Big band is tricky - and the conventions are quite difficult to pick up, unless you listen to a lot of it.
Guitar and piano are too loud and too bright and in your face. Try to imagine what the audience would hear if they were there. The piano parts are always a bit percussive to make them audible, but from the audience the treble gets lost, because the piano, like drums and guitar are probably the furthest away, and HF drops off with distance. The guitars even when amplified don't usually have clarity and HF - and the amps are rarely turned up loud - so your guitar is very up front and detailed. Live, like the piano - they don't usually cut through at all. The brass and woods by convention are opposite sides of the stage - so when they do-wop, as big band arrangements often do - the trombones and trumpets are clearly in a different place to the saxes and clarinets. I struggled to hear these sections as two distinct parts of the band - and trumpets appeared to be in the middle when the piano and guitar gave them space. Remember big band has the saxes, clarinets, trombones and trumpets as primary instruments with the bass, and the piano and guitars are essentially rhythm background -apart from when they have feature songs. The bass appears to be electric, but very low in the mix and EQ'd to be very bright too?
Some other big bands put the brass behind the woods section - but usually these too sound like two separate sections.
Here's a couple of clips that I think work quite well. Same orchestra - but a modern version and the original. the guitar is hardly there unless for some reason it needs to be. The old one has a famous drummer in it - sadly passed away long ago but I did quite a few shows with him. He was the inspiration for the Muppet Show drummer - Animal. The guys name was ronnie Verrell - a brilliant drummer. In these clips note how the piano can be heard when it needs to be, but usually, it's almost missing.

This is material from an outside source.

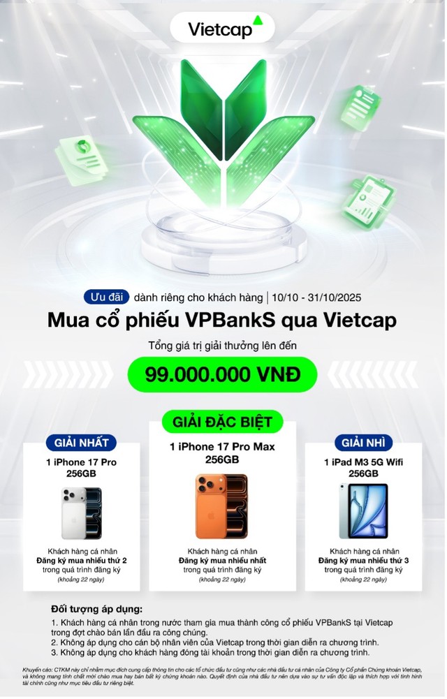 Cụ thể, chương trình khuyến mãi áp dụng cho nhà đầu tư đăng ký tại CTCP Chứng khoán Vietcap để mua cổ phiếu VPBankS trong đợt chào bán lần đầu ra công chúng (IPO) của Công ty Cổ phần Chứng khoán VP Bank (VPBankS).

The last clip is less good. The singer was very well known here, but when this was recorded, at a USAF air base in my area - I was quite young. My role as a sound assistant was mainly running cables and setting mics up - not allowed anywhere near the mixer. I was also convinced she was drunk. She spoke to me backstage when I was setting the mics out and her speech was very odd. The mix was not so good on this one, and some of the players were not remotely as good as the Syd Lawrence orchestra. I got my first taste of big band with them - in a dingy recording studio near Liverpool - all cigarette smoke and smelly. The same studio the 10cc song I'm not in love was recorded in!